Provided material —
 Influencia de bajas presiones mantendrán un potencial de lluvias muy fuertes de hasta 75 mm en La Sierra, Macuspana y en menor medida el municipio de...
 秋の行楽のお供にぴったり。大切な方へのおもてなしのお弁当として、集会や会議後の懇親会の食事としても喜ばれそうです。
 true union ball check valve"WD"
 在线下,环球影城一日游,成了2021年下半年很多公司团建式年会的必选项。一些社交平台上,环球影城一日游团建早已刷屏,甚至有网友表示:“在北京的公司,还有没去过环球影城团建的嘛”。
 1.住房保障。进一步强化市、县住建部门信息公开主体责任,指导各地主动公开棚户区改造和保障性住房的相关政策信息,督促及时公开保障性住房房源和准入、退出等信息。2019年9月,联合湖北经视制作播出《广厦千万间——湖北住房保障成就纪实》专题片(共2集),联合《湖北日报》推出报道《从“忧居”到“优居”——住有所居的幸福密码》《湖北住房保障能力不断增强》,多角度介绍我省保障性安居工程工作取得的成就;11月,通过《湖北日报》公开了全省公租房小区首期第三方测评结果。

==

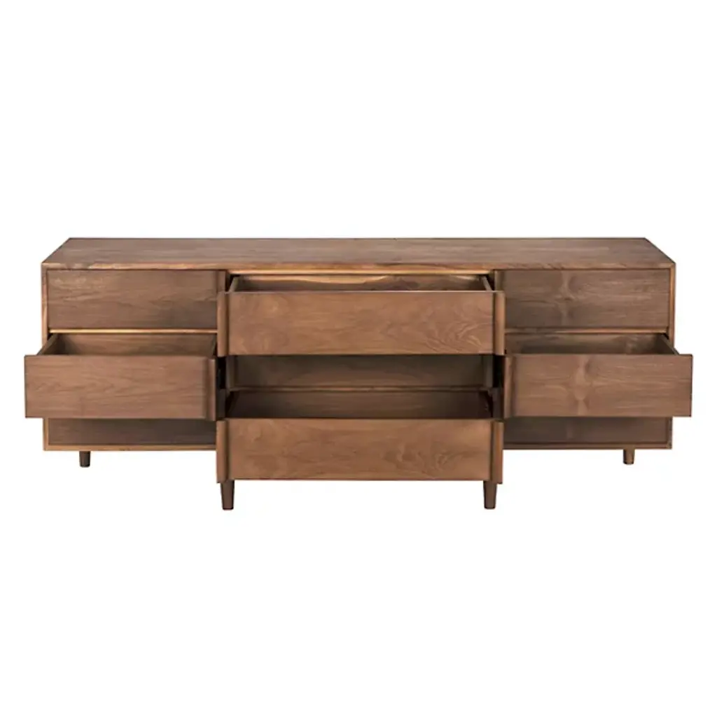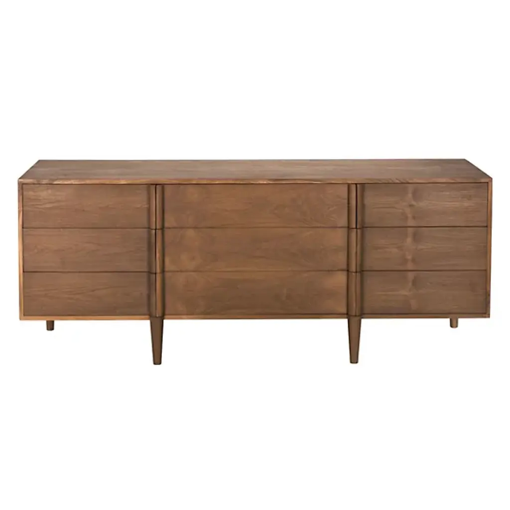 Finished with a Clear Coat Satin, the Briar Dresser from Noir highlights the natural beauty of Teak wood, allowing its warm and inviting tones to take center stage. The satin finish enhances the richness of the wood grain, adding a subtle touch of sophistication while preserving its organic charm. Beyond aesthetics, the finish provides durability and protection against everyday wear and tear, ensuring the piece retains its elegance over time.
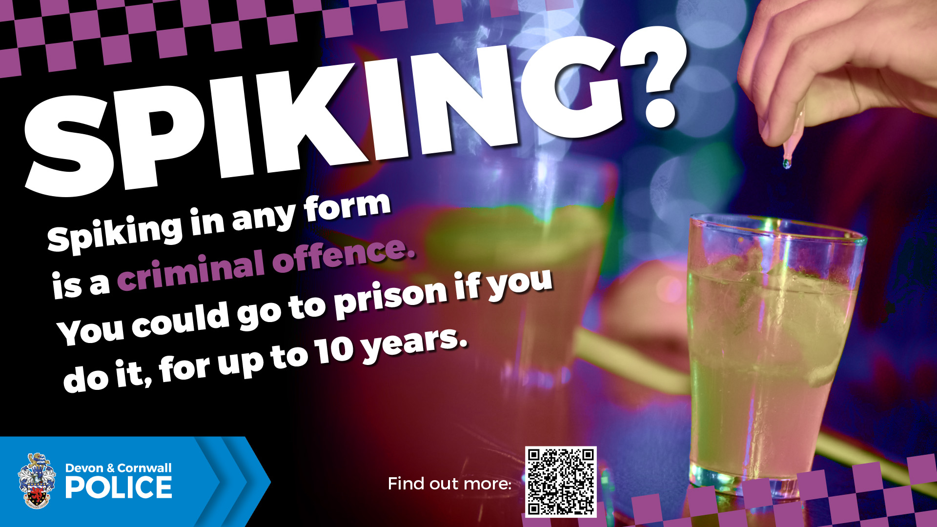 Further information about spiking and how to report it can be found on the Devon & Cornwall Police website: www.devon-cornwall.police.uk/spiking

What to work on —
Using the data above, reproduce exactly the lines between those holding "Influencia de bajas" and "1.住房保障。进一步强化市、", inclusive, and no others.

Output —
 Influencia de bajas presiones mantendrán un potencial de lluvias muy fuertes de hasta 75 mm en La Sierra, Macuspana y en menor medida el municipio de...
 秋の行楽のお供にぴったり。大切な方へのおもてなしのお弁当として、集会や会議後の懇親会の食事としても喜ばれそうです。
 true union ball check valve"WD"
 在线下,环球影城一日游,成了2021年下半年很多公司团建式年会的必选项。一些社交平台上,环球影城一日游团建早已刷屏,甚至有网友表示:“在北京的公司,还有没去过环球影城团建的嘛”。
 1.住房保障。进一步强化市、县住建部门信息公开主体责任,指导各地主动公开棚户区改造和保障性住房的相关政策信息,督促及时公开保障性住房房源和准入、退出等信息。2019年9月,联合湖北经视制作播出《广厦千万间——湖北住房保障成就纪实》专题片(共2集),联合《湖北日报》推出报道《从“忧居”到“优居”——住有所居的幸福密码》《湖北住房保障能力不断增强》,多角度介绍我省保障性安居工程工作取得的成就;11月,通过《湖北日报》公开了全省公租房小区首期第三方测评结果。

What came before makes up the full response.